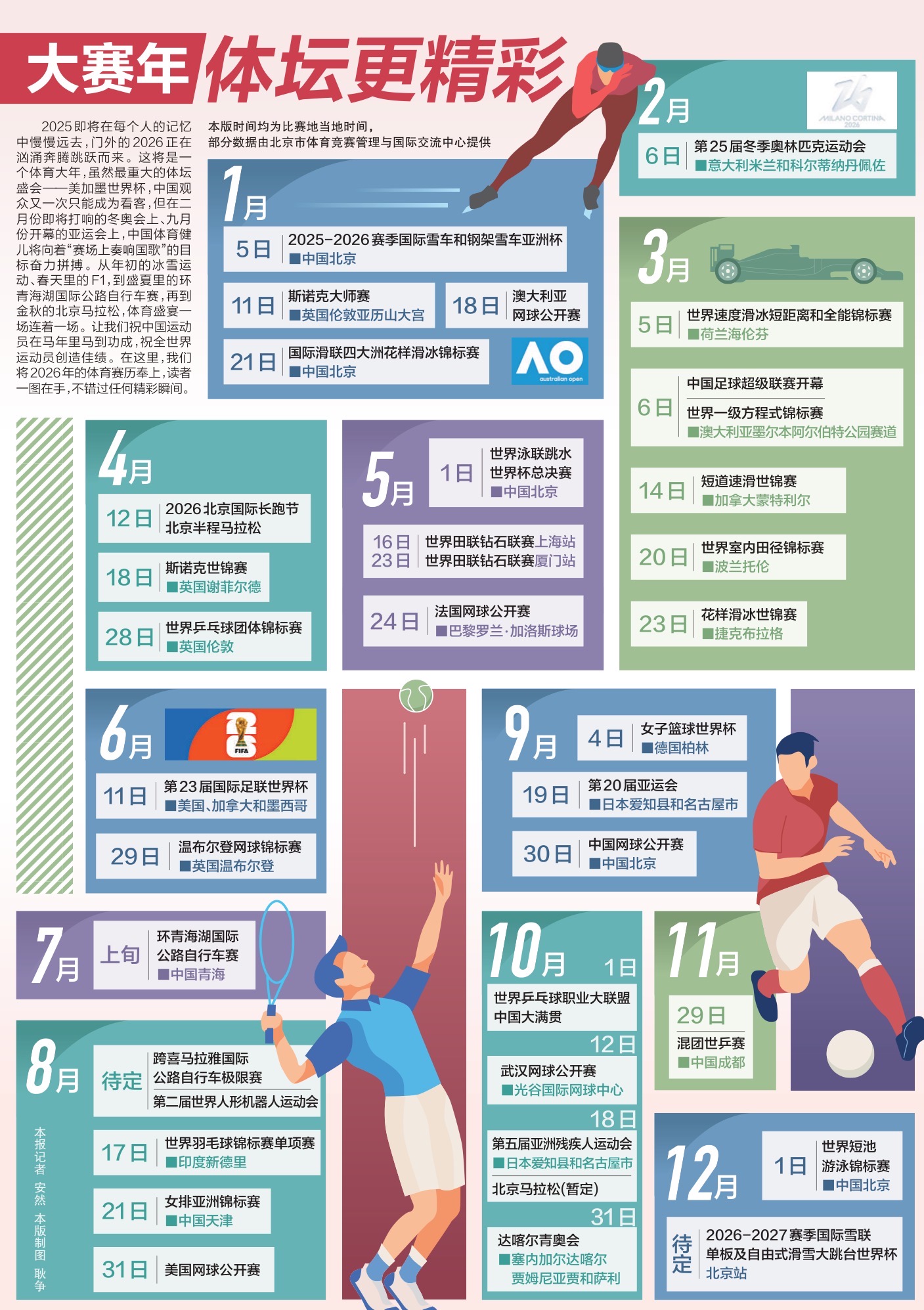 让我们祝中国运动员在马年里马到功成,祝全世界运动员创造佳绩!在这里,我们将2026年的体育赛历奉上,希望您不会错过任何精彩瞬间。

------------

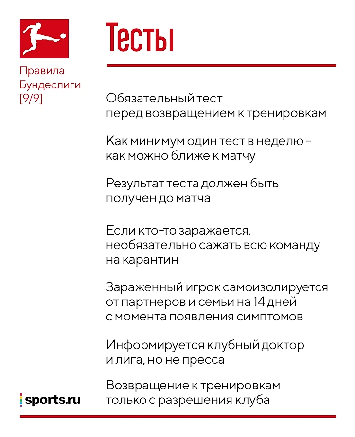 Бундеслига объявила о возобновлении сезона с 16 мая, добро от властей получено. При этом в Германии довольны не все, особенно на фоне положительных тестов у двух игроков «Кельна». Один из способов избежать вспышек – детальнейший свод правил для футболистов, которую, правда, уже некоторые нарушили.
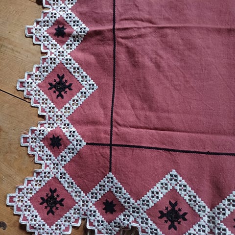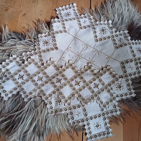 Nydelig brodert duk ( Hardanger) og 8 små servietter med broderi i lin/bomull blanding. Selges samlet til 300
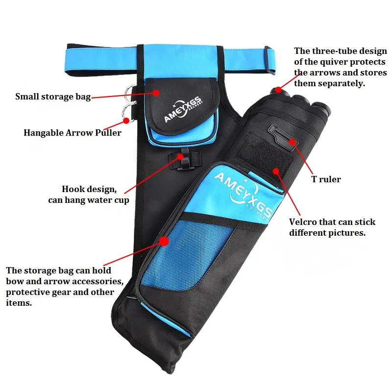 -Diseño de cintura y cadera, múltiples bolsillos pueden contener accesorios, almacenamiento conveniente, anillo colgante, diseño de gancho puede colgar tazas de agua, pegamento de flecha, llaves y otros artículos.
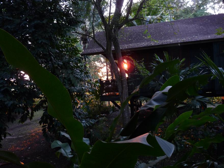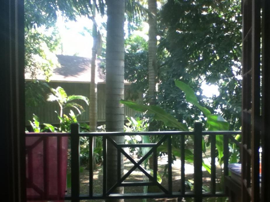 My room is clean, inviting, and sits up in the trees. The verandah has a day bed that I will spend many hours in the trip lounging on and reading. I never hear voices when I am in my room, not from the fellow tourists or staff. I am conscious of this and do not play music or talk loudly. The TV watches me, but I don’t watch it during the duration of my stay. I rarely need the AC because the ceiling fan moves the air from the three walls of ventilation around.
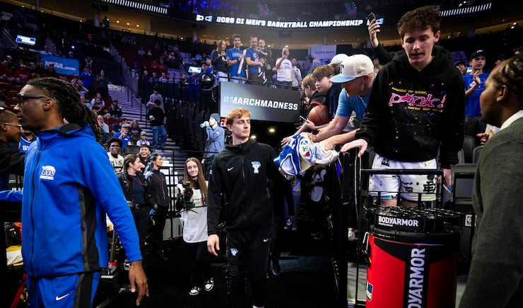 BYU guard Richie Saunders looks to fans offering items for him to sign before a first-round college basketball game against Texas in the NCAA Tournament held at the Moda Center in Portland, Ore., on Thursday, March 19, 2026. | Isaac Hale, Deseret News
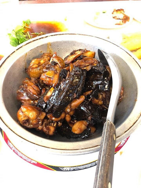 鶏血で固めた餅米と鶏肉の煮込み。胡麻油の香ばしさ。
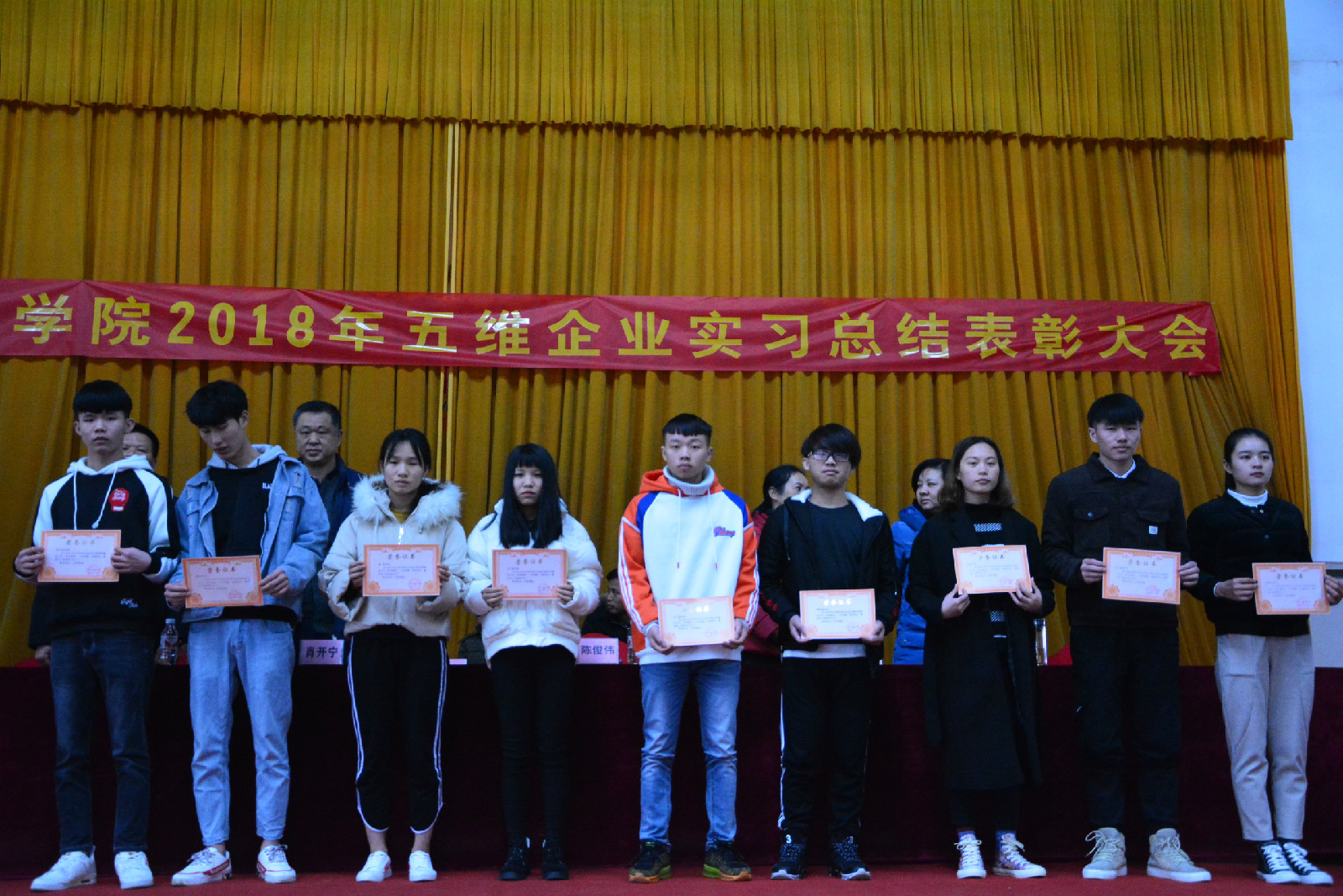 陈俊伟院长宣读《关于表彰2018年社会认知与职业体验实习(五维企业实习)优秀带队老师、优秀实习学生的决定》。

------------

◆ Your instructions ◆
Here the job is to copy the listing above word for word, starting at the line with "Nydelig brodert duk" and ending at the line with "鶏血で固めた餅米と鶏肉の煮込み。胡麻油の香ばしさ。", and to leave out the pictures.

◆ Solution for this task ◆
 Nydelig brodert duk ( Hardanger) og 8 små servietter med broderi i lin/bomull blanding. Selges samlet til 300
 -Diseño de cintura y cadera, múltiples bolsillos pueden contener accesorios, almacenamiento conveniente, anillo colgante, diseño de gancho puede colgar tazas de agua, pegamento de flecha, llaves y otros artículos.
 My room is clean, inviting, and sits up in the trees. The verandah has a day bed that I will spend many hours in the trip lounging on and reading. I never hear voices when I am in my room, not from the fellow tourists or staff. I am conscious of this and do not play music or talk loudly. The TV watches me, but I don’t watch it during the duration of my stay. I rarely need the AC because the ceiling fan moves the air from the three walls of ventilation around.
 BYU guard Richie Saunders looks to fans offering items for him to sign before a first-round college basketball game against Texas in the NCAA Tournament held at the Moda Center in Portland, Ore., on Thursday, March 19, 2026. | Isaac Hale, Deseret News
 鶏血で固めた餅米と鶏肉の煮込み。胡麻油の香ばしさ。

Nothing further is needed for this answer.